Gros makes additional arguments concerning the district court's order confirming the marshal's sale of the Vessel. Gros contends that it advised the district court that confirming the sale to Community Bank without taking custody of the proceeds or another substitute res would jeopardize jurisdiction over a potential future appeal. Gros argues the district court erred in confirming the sale without ordering Community Bank to post a substitute res. To the extent that Gros's objections were to the sale itself, those objections were untimely. Under Local Admiralty Rule 64.6(b), the sale was automatically confirmed after Gros failed to object within three days. Although Gros contends that it was not aware of the sale, it does not dispute that Community Bank advertised the sale in accordance with the law or that, on the day of the sale, the U.S. Marshals filed the return into the district court record. Gros's failure to make a timely objection is fatal to its challenge to the propriety of the sale. See Golden v. Oil Screw Frank T. Shearman, 455 F.2d 133, 135 (4th Cir. 1972) (per curiam) (refusing to set aside a marshal's sale despite a grossly inadequate sales price because the seamen with a lien on the vessel failed to attend the sale and offer a protective bid, and did not file a motion to set aside the sale within the two-day period set by the local admiralty rules).

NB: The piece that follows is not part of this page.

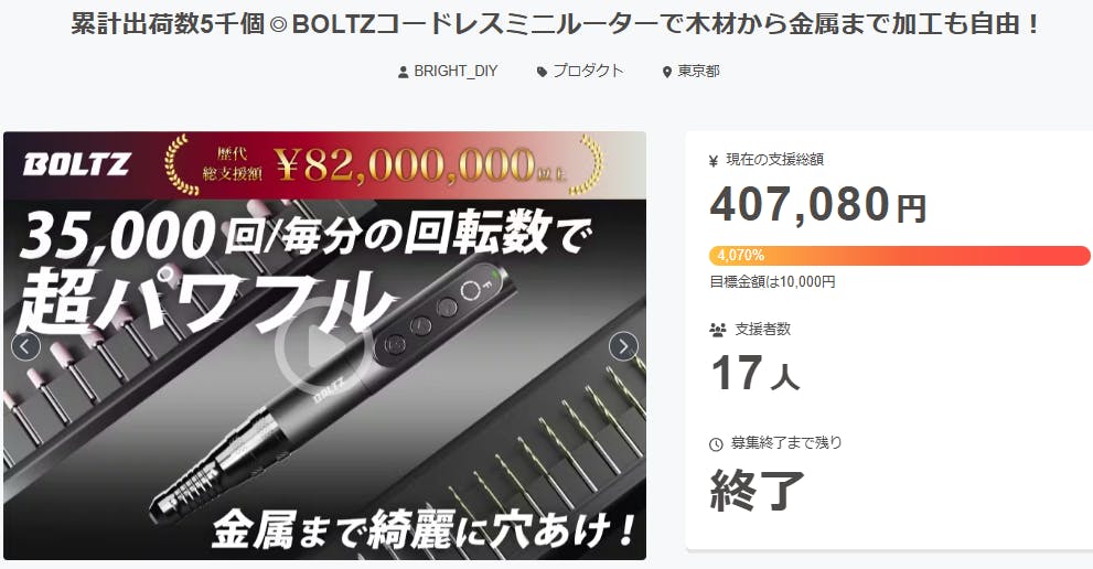 皆様にご満足いただけるリターンをお届けできるよう、全力で取り組んで参りますので引き続き、「累計出荷数5千個◎BOLTZコードレスミニルーターで木材から金属まで加工も自由!」をよろしくお願い致します。

We also note that, "[a]bsent fraud or collusion, a judicial sale should not ordinarily be set aside." Jefferson Bank & Trust, 722 F.2d at 252.
Gros argues that in confirming the sale without requiring the posting of a substitute res, the district court disregarded its prior order authorizing the interlocutory sale of the Vessel. That order provided that a sale would be "subject to any final ruling of the Court on priority and amount of liens and mortgages." Gros acknowledges that "[u]nder this order, the Bank was not required to deposit cash or post security at the time of the sale, so long as all other competing liens had reached a final resolution." Gros contends, however, that the district court's summary judgment ruling was not a "final ruling," as described in the district court's interlocutory sale order. Gros had the opportunity to raise the argument before the district court and failed to do so. Gros's argument that the sale was premature is, therefore, waived. Fruge v. Amerisure Mut. Ins. Co., 663 F.3d 743, 747 (5th Cir. 2011) (per curiam).
Community Bank's pending motions, including a motion to dismiss this appeal, are GRANTED. This appeal is DISMISSED. Gros shall bear the costs of this appeal.
2 Thomas J. Schoenbaum, Admiralty & Marine Law, § 11-3 (4th ed. 2004).